Lewisham academy schools plans dropped by Prendergast

Striking teachers and students lobby a Prendergast governors' meeting in Lewisham

Striking teachers and students lobby a Prendergast governors’ meeting in Lewisham   (Click to enlarge: opens in new window)

Teachers, school students and parents in Lewisham, south London, have won a great victory! They beat off plans to turn three schools into ‘academies’ which would have been a step towards privatisation. Martin Powell-Davies, Lewisham NUT union secretary and Stop Academies in Lewisham activists, explains.

For several months members of NUT and other trade unions at the Prendergast Federation of schools, alongside students and parents, have mounted a tremendous campaign to oppose these damaging academy conversion proposals.

Sizeable demonstrations, strikes and meetings – and now legal challenges over government regulations – all helped to keep pressure on governors to think again. Now they have agreed to rescind the academy orders for all three schools in the Prendergast Federation.

This major breakthrough for the campaign reflects the pressure that months of our determined opposition built up. The legal challenges then left governors with little option but to pull back from their plans.

Every campaigner should be proud of standing firm and refusing to accept that the academy steamroller was unstoppable.

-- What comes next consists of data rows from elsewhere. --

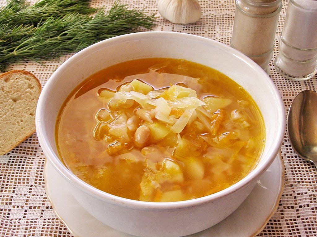 Когда картофель сварится, вынимаем из кастрюли лавровые листья, веточки и коренья (если вы их добавляли), кладём в кастрюлю с картофелем нарезанную капусту, сразу добавляем обжаренные лук с морковью, консервированную фасоль. При необходимости, можно долить немного горячей кипячёной воды и посолить по вкусу.
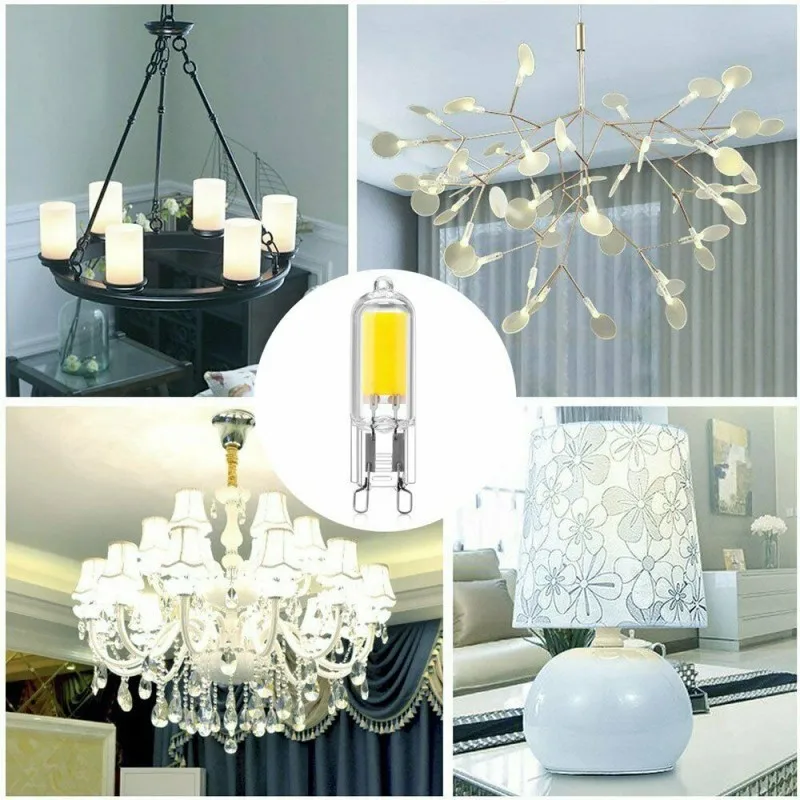 Feature:Not flash, super brightReplace the halogen lampHigh-power chip, high luminous fluxSpecification:Bulb Base: G9/G4Material: GlassLight Source: COBLight Color: White/Warm WhiteVoltage: AC220VPower:7W 9W 12W 15WLumen: 200LM/300LM/400LMLuminosity: 360°
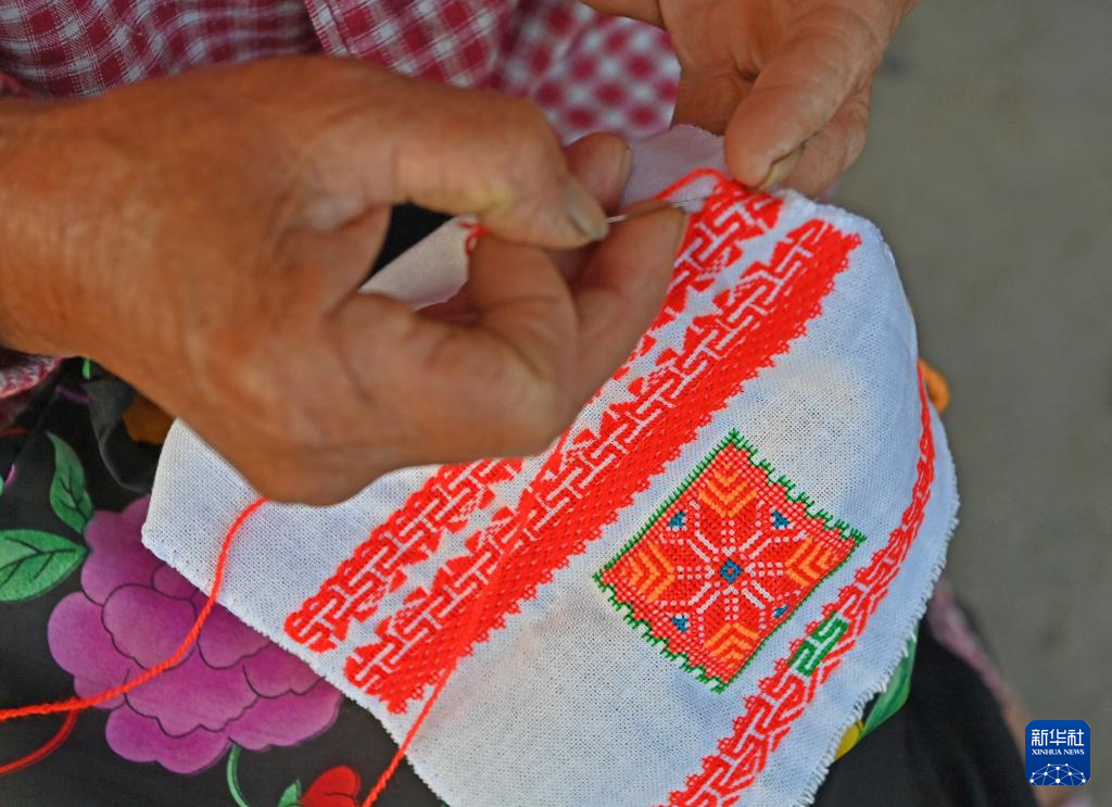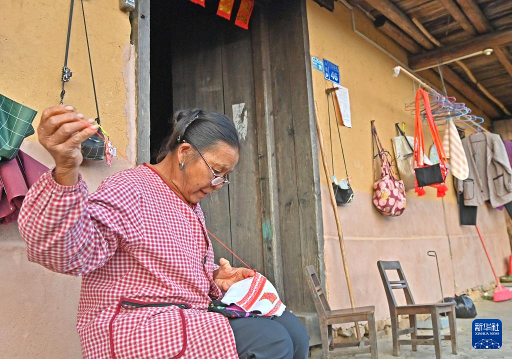 村民在广西金秀瑶族自治县六巷乡下古陈村刺绣(10月28日摄)。新华社记者 周华 摄

The campaign shows how little public support there is for academies and the total lack of any evidence that academies help education.

This is not yet a final victory. The Department for Education (DfE) will want to rewrite their regulations so the Prendergast Federation can start over with their plans. However, we will keep up the pressure on Prendergast’s governors to resist DfE attempts.

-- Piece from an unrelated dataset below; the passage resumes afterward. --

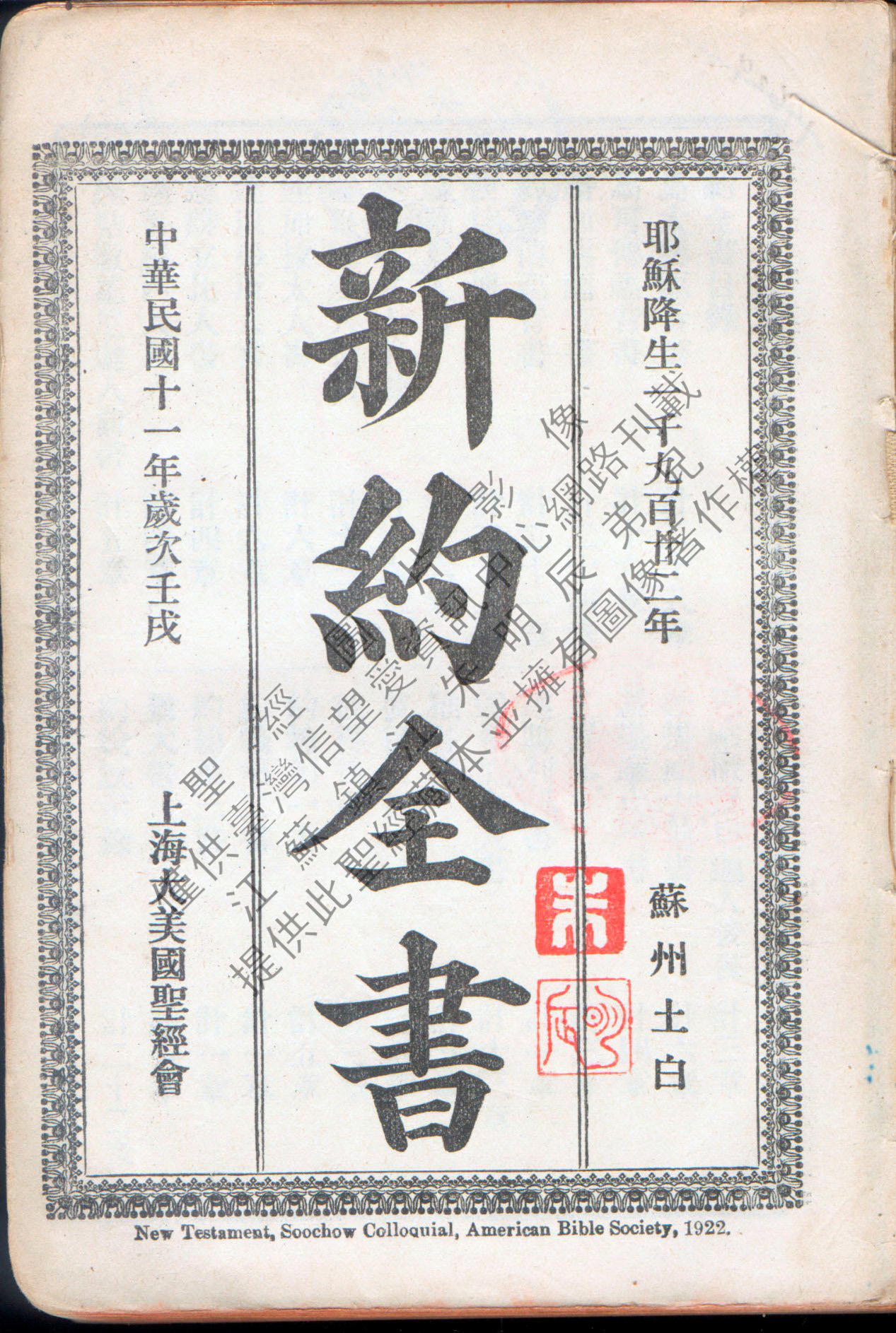 1922年新约全书 封面 0 章 1 节到 0 章 1 节

As parent Ned Boulting told the Guardian: “governors have created a rift [that] will raise questions with teachers as to whether they want to stay on at the school”. Regrettably, he understood the dangers better than the governors.

Unless or until the governors withdraw their academy plans altogether, then the dispute still continues. For now, the proposed strike action on 3-4 June has been withdrawn. We are confident that, boosted by the latest news, staff, students and parents will be ready to continue their campaign if necessary.